Universal Medicine

A controversial health and healing organization blending esoteric philosophy with alternative wellness practices.

Religion: New Age / Alternative Healing
Founder: Serge Benhayon
Founded: 1999
Location: Australia
Other Names: The Ageless Wisdom Teaching, Esoteric Healing, Esoteric Medicine, The Way of the Livingness
Website: universalmedicine.com.au

Universal Medicine, often abbreviated as UM, is a movement founded by Serge Benhayon, a former tennis coach with no medical qualifications. Benhayon, who has been a controversial figure, claims to provide esoteric healing services, which have been heavily scrutinized and criticized for lacking scientific evidence and for promoting potentially harmful practices.

Benhayon’s teachings include a wide array of beliefs and practices that have attracted significant controversy. He has made claims that people with disabilities, such as Down syndrome and autism, are experiencing karma from past life sins. Furthermore, Benhayon has been reported to suggest that illnesses are caused by possession of the body by evil spirits.
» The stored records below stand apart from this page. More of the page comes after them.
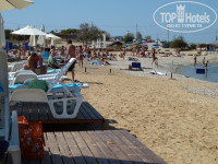 Пляж отеля от городского пляжа отделяет цепочка, развешанная на столбиках (см.фото).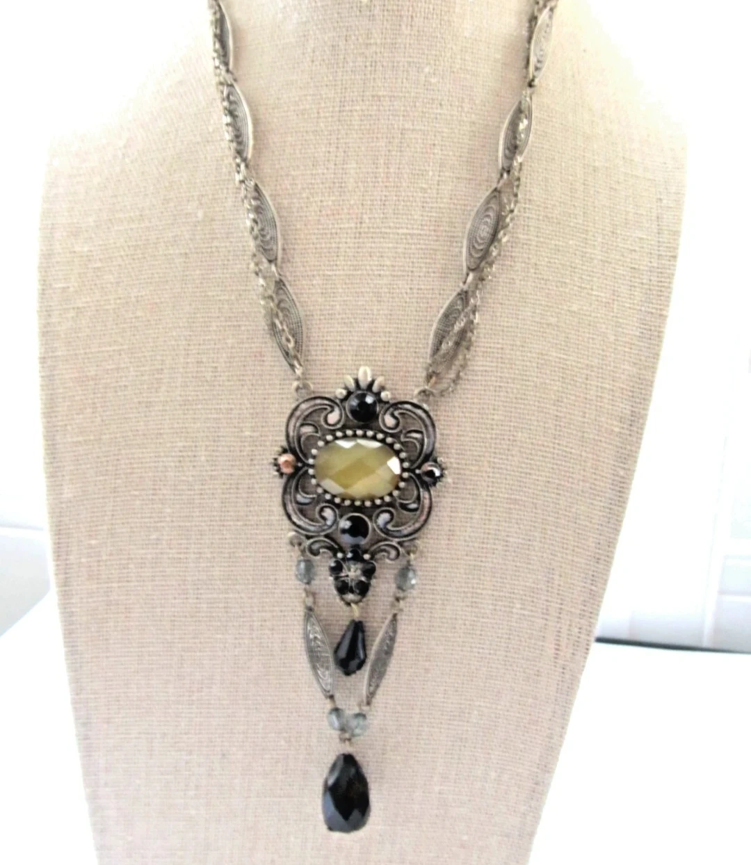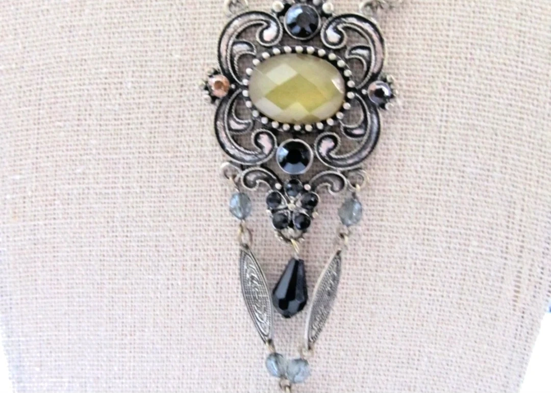 This statement necklace features an ornate silver-tone pendant with a large, faceted yellow stone. It's accented with black and grey beads and dangling charms. The detailed metalwork gives it a vintage feel. Perfect for adding flair to an outfit!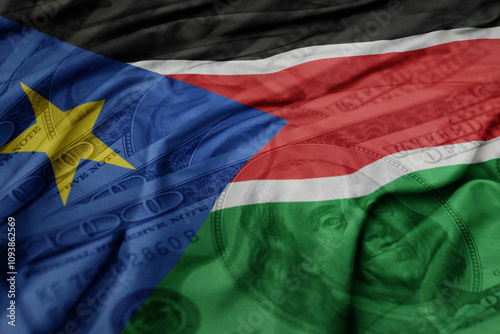 Fototapeta premium waving colorful flag of south sudan on the dollar money background. finance...

His views extend into areas of personal life and well-being, advising against certain sexual practices on the grounds that they transfer bad energy and suggesting that diet can influence spiritual alignment. Critics have described these teachings as dangerous and manipulative, especially when they interfere with personal choices and relationships​​​​.

The organization has garnered a following in Australia, the UK, North America, and Europe. However, it has also been labeled by critics as a cult responsible for a trail of broken families and exercising a level of control over its followers’ lives. There have been legal attempts to suppress allegations of being a cult from public discourse, with reports of Universal Medicine using legal threats to remove negative media coverage from search engines in Australia. Despite official denials of being a cult, the organization’s actions, such as pressuring media outlets and mobilizing legal resources against critics, have raised concerns​​​​.

Universal Medicine’s practices have also been brought into legal scrutiny. In 2019, the Supreme Court found that Universal Medicine had engaged in misleading conduct, made false claims about healing, and was considered an exploitative and socially harmful cult. The organization offers practitioner training through its Esoteric Practitioners Association Pty Ltd, although these qualifications are not recognized by any accredited medical or health organization. Benhayon’s therapeutic practices, such as the “esoteric connective tissue therapy,” have been denounced by medical professionals as nonsensical​​​​.

Critics have also raised concerns about the organization’s influence on diet and exercise, suggesting that followers are subjected to severely restricted diets which could potentially lead to health issues, particularly in children. A case was reported where a child of UM member parents was hospitalized due to a diet-related illness, highlighting the risks of such restrictive dietary practices​​.

Moreover, Universal Medicine has been implicated in influencing its followers to cut off relationships with non-believers, including family members, and to live according to a strict set of guidelines that govern nearly all aspects of life, from music to personal relationships. This level of control has been described by detractors as a form of mind control, leading to significant emotional and sometimes financial consequences for those involved​​​​.

Overall, Universal Medicine represents a complex case of a new religious movement that has drawn significant attention not only for its unconventional beliefs and practices but also for the controversies and legal challenges surrounding its operations and its founder, Serge Benhayon.